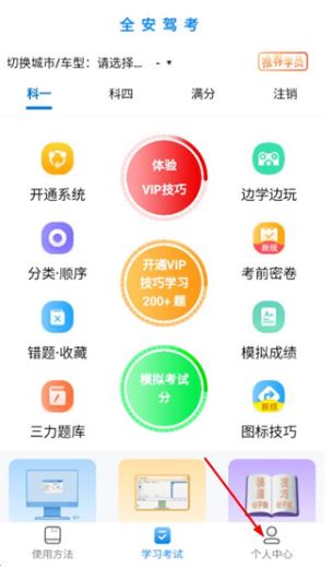 1、打开全安驾考,可进行注册登录,可以进行免费体验或选择一项进行学习;
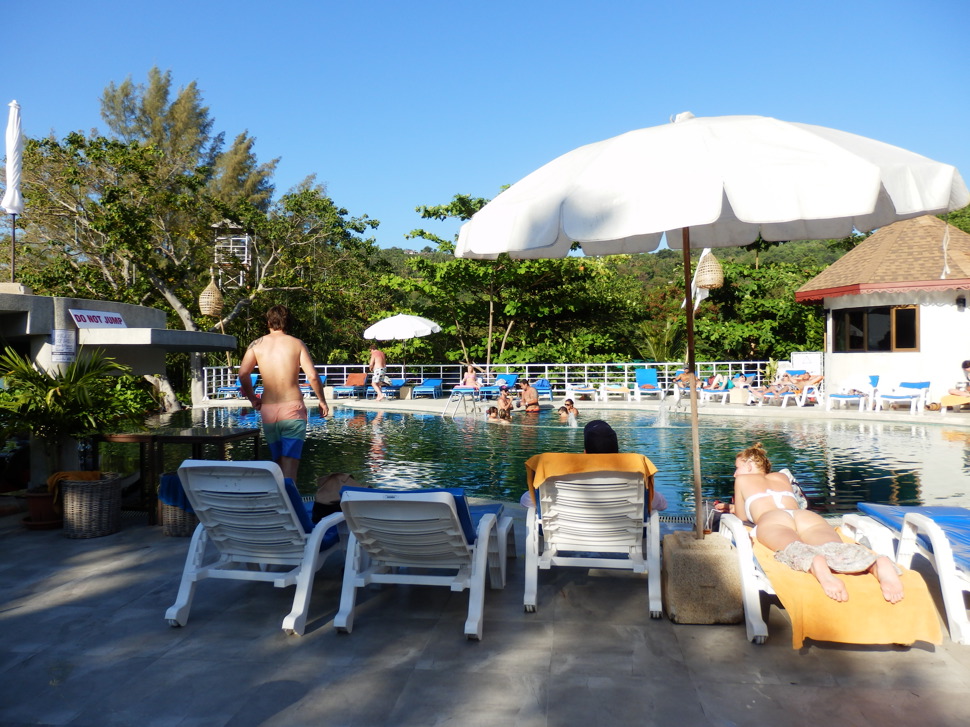Großer Pool. Partyzone ab morgens bis tief in die Nacht. 1800 Baht für Bambushütte, Zimmer  ab 2000 Baht.
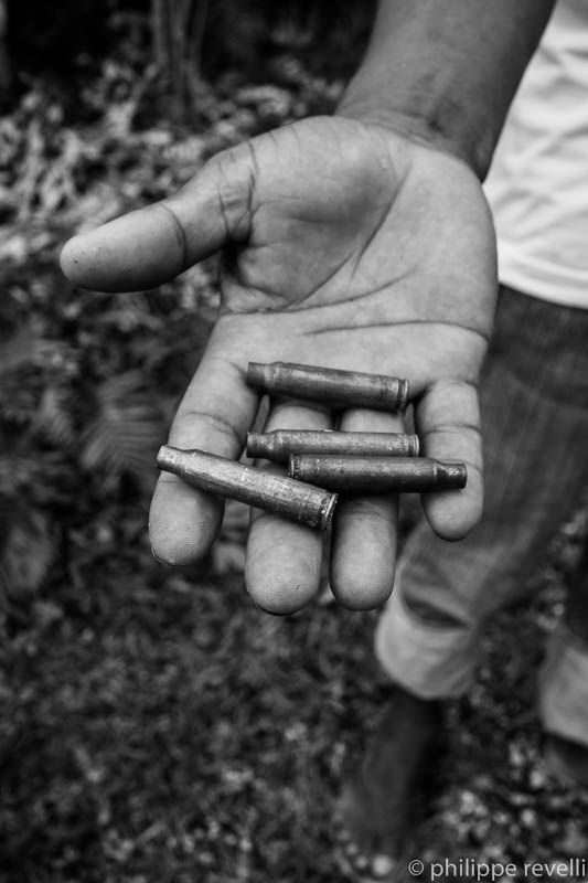 En début d’après-midi, la mission se met au boulot. Consultations médicales et soins légers, distribution de riz, activités récréatives pour les enfants, entrevues et collecte d’informations sur d’éventuelles violations des droits humains et l’état du conflit armé. Une récente attaque de la guérilla retient l’attention : jeudi 28 mai, c’est la fête à Kasunugan. Des militaires du 67ème Bataillon cantonnés au sitio Kaputian, à une heure de marche de là, se sont invité. Tard dans la nuit, sur le chemin du retour, ils tombent dans une embuscade tendue par les guérilleros de la NPA. Deux soldats son tués. Les habitants de Kasunugan sont aussitôt accusés d’avoir informé la guérilla. Ils craignent des représailles. La famille qui habitait près du lieu de l’escarmouche a abandonné sa maison. A l’emplacement où les soldats sont tombés, le sol a été brûlé : pratique rituelle pour éviter que le sang des victimes soit récupéré par les esprits.

EXERCISE AIM: Exclude the pictures, and transcribe all of the material exactly.

RESPONSE BELOW:
 1、打开全安驾考,可进行注册登录,可以进行免费体验或选择一项进行学习;
Großer Pool. Partyzone ab morgens bis tief in die Nacht. 1800 Baht für Bambushütte, Zimmer  ab 2000 Baht.
 En début d’après-midi, la mission se met au boulot. Consultations médicales et soins légers, distribution de riz, activités récréatives pour les enfants, entrevues et collecte d’informations sur d’éventuelles violations des droits humains et l’état du conflit armé. Une récente attaque de la guérilla retient l’attention : jeudi 28 mai, c’est la fête à Kasunugan. Des militaires du 67ème Bataillon cantonnés au sitio Kaputian, à une heure de marche de là, se sont invité. Tard dans la nuit, sur le chemin du retour, ils tombent dans une embuscade tendue par les guérilleros de la NPA. Deux soldats son tués. Les habitants de Kasunugan sont aussitôt accusés d’avoir informé la guérilla. Ils craignent des représailles. La famille qui habitait près du lieu de l’escarmouche a abandonné sa maison. A l’emplacement où les soldats sont tombés, le sol a été brûlé : pratique rituelle pour éviter que le sang des victimes soit récupéré par les esprits.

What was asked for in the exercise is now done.